Every line of the data below should be retyped exactly, with no images carried over.

### Data shown

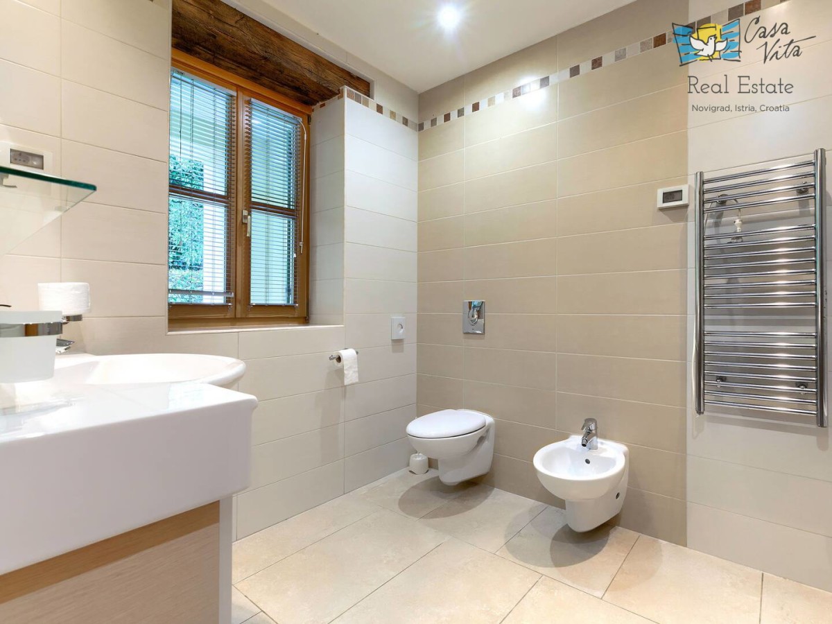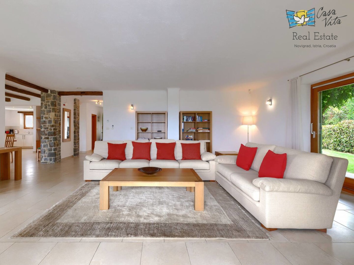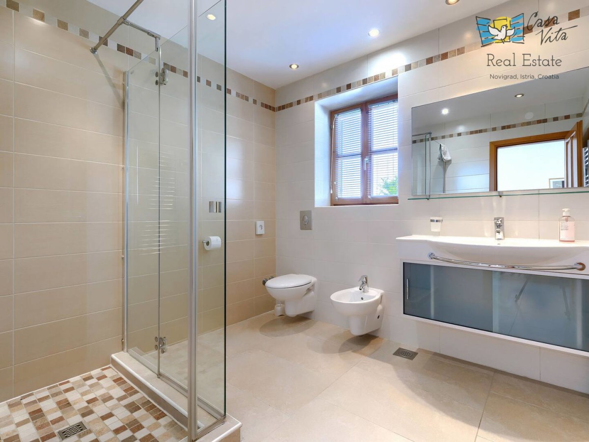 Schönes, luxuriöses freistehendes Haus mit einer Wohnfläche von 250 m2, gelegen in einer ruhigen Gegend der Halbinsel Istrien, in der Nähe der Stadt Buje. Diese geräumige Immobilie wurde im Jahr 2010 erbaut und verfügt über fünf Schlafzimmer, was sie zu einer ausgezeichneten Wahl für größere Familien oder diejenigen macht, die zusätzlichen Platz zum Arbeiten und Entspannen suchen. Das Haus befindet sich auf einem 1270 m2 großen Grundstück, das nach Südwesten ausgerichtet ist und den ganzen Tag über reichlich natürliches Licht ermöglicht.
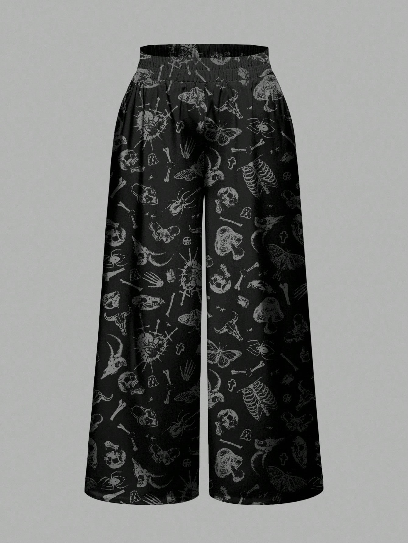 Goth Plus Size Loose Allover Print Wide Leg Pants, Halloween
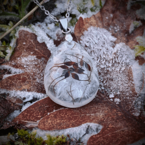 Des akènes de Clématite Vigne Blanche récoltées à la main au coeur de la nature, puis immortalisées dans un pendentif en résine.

######

▸ **Response below**
 Schönes, luxuriöses freistehendes Haus mit einer Wohnfläche von 250 m2, gelegen in einer ruhigen Gegend der Halbinsel Istrien, in der Nähe der Stadt Buje. Diese geräumige Immobilie wurde im Jahr 2010 erbaut und verfügt über fünf Schlafzimmer, was sie zu einer ausgezeichneten Wahl für größere Familien oder diejenigen macht, die zusätzlichen Platz zum Arbeiten und Entspannen suchen. Das Haus befindet sich auf einem 1270 m2 großen Grundstück, das nach Südwesten ausgerichtet ist und den ganzen Tag über reichlich natürliches Licht ermöglicht.
 Goth Plus Size Loose Allover Print Wide Leg Pants, Halloween
 Des akènes de Clématite Vigne Blanche récoltées à la main au coeur de la nature, puis immortalisées dans un pendentif en résine.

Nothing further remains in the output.